There’s just one problem - distributed tracing can be hard.

Why is this the case? Three fundamental problems generally occur when you’re trying to get started with distributed tracing.

First, you need to be able to generate trace data. Support for distributed tracing as a first-class citizen in your runtime may be spotty, or nonexistant. Your software might not be structured to easily accept the instrumentation code required to emit tracing data. You may use patterns that are antithetical to the request-based style of most distributed tracing platforms. Often, distributed tracing initiatives are dead on arrival due to the challenges of instrumenting an existing codebase.

The second problem is how you collect and store the trace data generated by your software. Imagine hundreds or thousands of services, each emitting small chunks of trace data for each request, potentially millions of times per second. How do you capture that data and store it for analysis and retrieval? How do you decide what to keep, and how long to keep it? How do you scale the collection of your data in time with requests to your services?

Finally, once you’ve got all of this data, how do you actually derive value from it? How do you translate the raw trace data that you’re receiving into actionable insights? How do you use trace data to generate and inform your SLO’s and SLI’s? Can you turn your trace data into value for other parts of the business, outside of just engineers? These questions, and more, stymie and confuse many people who are trying to get started with distributed tracing.

The Pieces of a Distributed Tracing Deployment

To answer these questions, and help you organize your thinking about the subject, we’ve broken down distributed tracing deployments into three main areas of focus, which is also how we’ve organized the book. These three pieces build off of each other, but may be generally useful to different people at different times — by no means do you need to be an expert on all three!
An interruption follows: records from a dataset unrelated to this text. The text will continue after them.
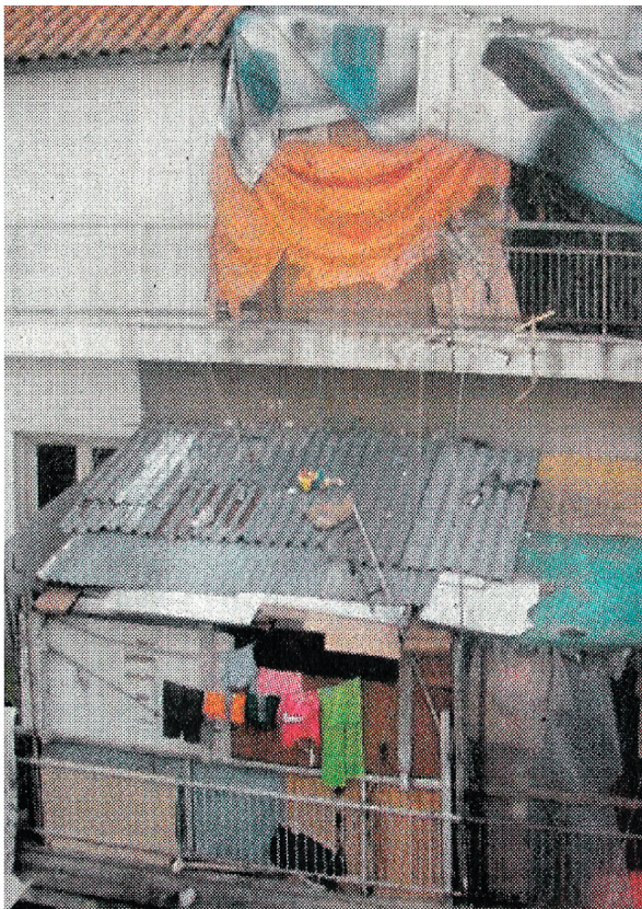
Εικόνα 3: Οδός Ξούθου

Παρά τη διασπορά, οι «ευαίσθητες περιοχές» συναντώνται συχνότερα σε θύλακες χαμηλής εισοδηματικής στάθμης. Ευρέως διαδεδομένος και με ιδιαίτερη σημασία για τη μελέτη του φαινομένου της αστικής βίας είναι και ο κάθετος αποκλεισμός: η συγκέντρωση, δηλαδή, χαμηλόμισθων κοινωνικό-οικονομικών ομάδων στους πρώτους και ημιπόγειους ορόφους πολυκατοικιών και σε διαμερίσματα που βλέπουν σε ακάλυπτους χώρους. Πιο ακραία ακόμα μορφή είναι η ύπαρξη πολυκατοικιών - γκέτο, όπου στοιβάζονται ομάδες στα όρια του περιθωρίου και της νομιμότητας.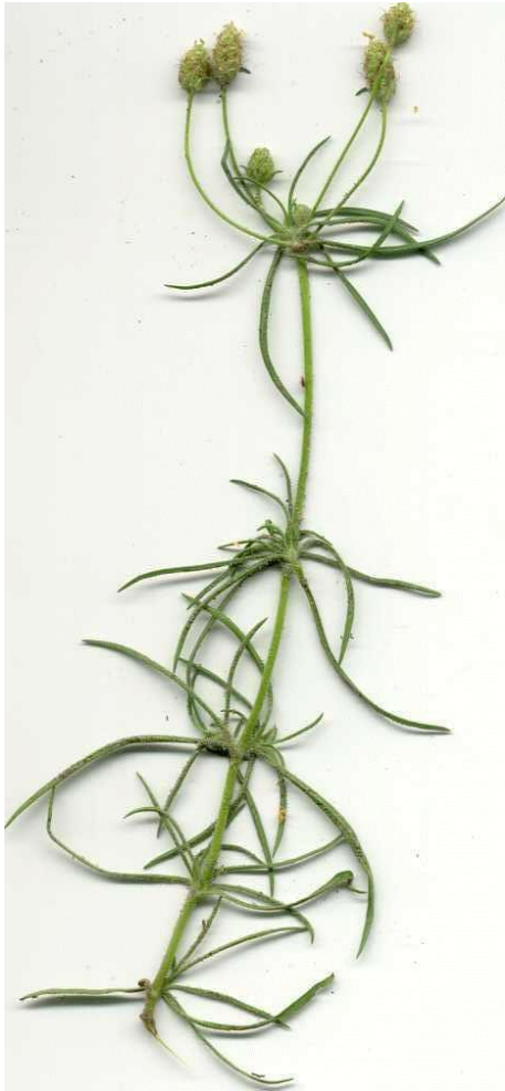
Afb.3 Zandweegbree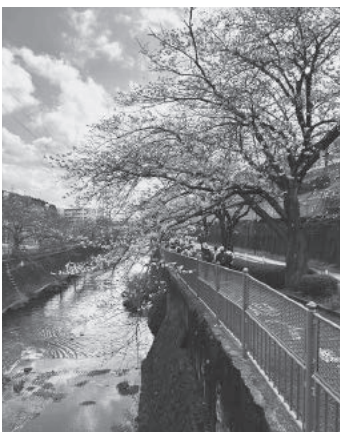
恩田川沿いの桜並木

一の桜鑑賞と鎌倉古道散策」を開催しました。青空に恵まれ、最高のウォーキング日和となりました。ぬぼこ山では、ガイドの方が丁寧に説明していただき、一輪挿しのお土産までいただきました。その後は、かしの木山・鞍掛の松・松村邸など、恩田川沿いの見どころをめぐり、話題の新施設ペスカドーラ町田クラブハウス内のカフェ「キボン!フェイジョアード・テラス」へ。昼食は黒インゲン豆と肉を煮込んだ伝統料理「フェイジョアード」をいただきました。さくらを眺めながらのひとときは、歩いたあとの心地よい休息となりました。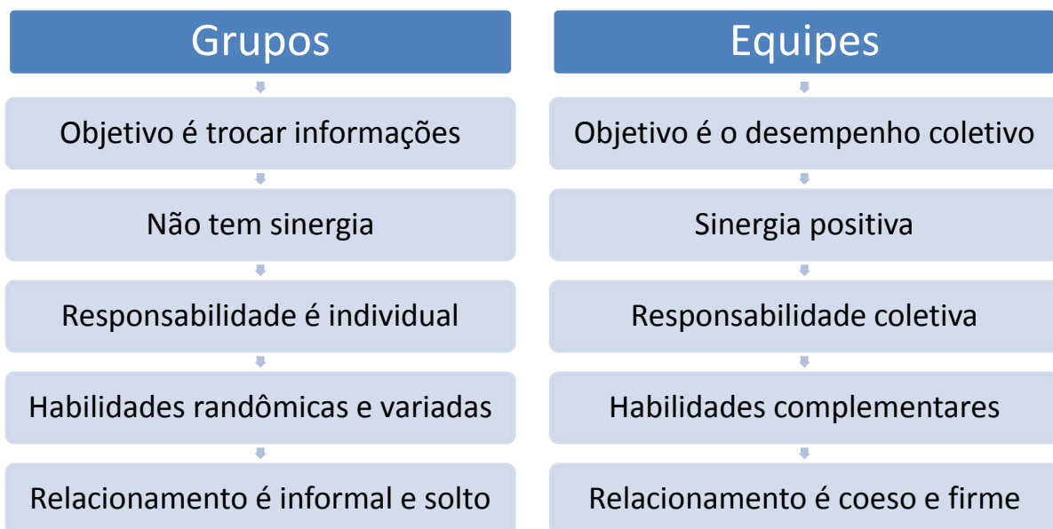
Figura 3 - Diferença entre grupos e equipes - Fonte: (Chiavenato, Administração nos novos tempos 2010)

De acordo com Chiavenato, as principais diferenças entre um grupo e uma equipe de trabalho são 13 :

Inside each section you’ll find helpful explanations, lessons, and examples of how to build and deliver a distributed tracing deployment at your organization which should help in building confidence in your systems and software.

Instrumentation

Distributed tracing requires traces. Those traces are created via instrumentation. We generally use instrumentation to refer to any method by which you generate trace data from your service that is suitable to be used by a trace analyzer in order to create distributed traces. In this section, you’ll learn about spans, the building blocks of request-based distributed traces, and how they may be generated by your services. We’ll discuss the current state of the art in instrumentation frameworks such as OpenTelemetry, a widely-supported open source project that offers an instrumentation API (and more) that allows for easy bootstrapping of distributed tracing into your software. In addition, we’ll discuss the best practices for instrumenting both legacy code as well as green field development.

Data Collection

Once you’ve generated your traces, you need to store and analyze them. You’ll learn about the various data sources that emit trace data and how they relate to each other. We’ll guide you through the tradeoffs around overhead, and how to decide what traces should be kept, and which should be thrown away through a mechanism known as sampling. Finally, you’ll learn about how trace data is coordinated and dispatched to centralization systems, allowing you to analyze it to gain valuable insights.

Delivering Value

Once you’ve got instrumented services and a data collection system, the real fun begins! How do you combine traces with your other observability tools and techniques such as metrics, and logs? How do you measure what matters — and for that matter, how do you define what matters to begin with? Distributed tracing provides the tools you’ll need to answer these questions, and we’ll help you figure it out in this section. You’ll learn how to use traces to improve your baseline performance, as well as how tracing assists you in getting back to that baseline when things catch on fire.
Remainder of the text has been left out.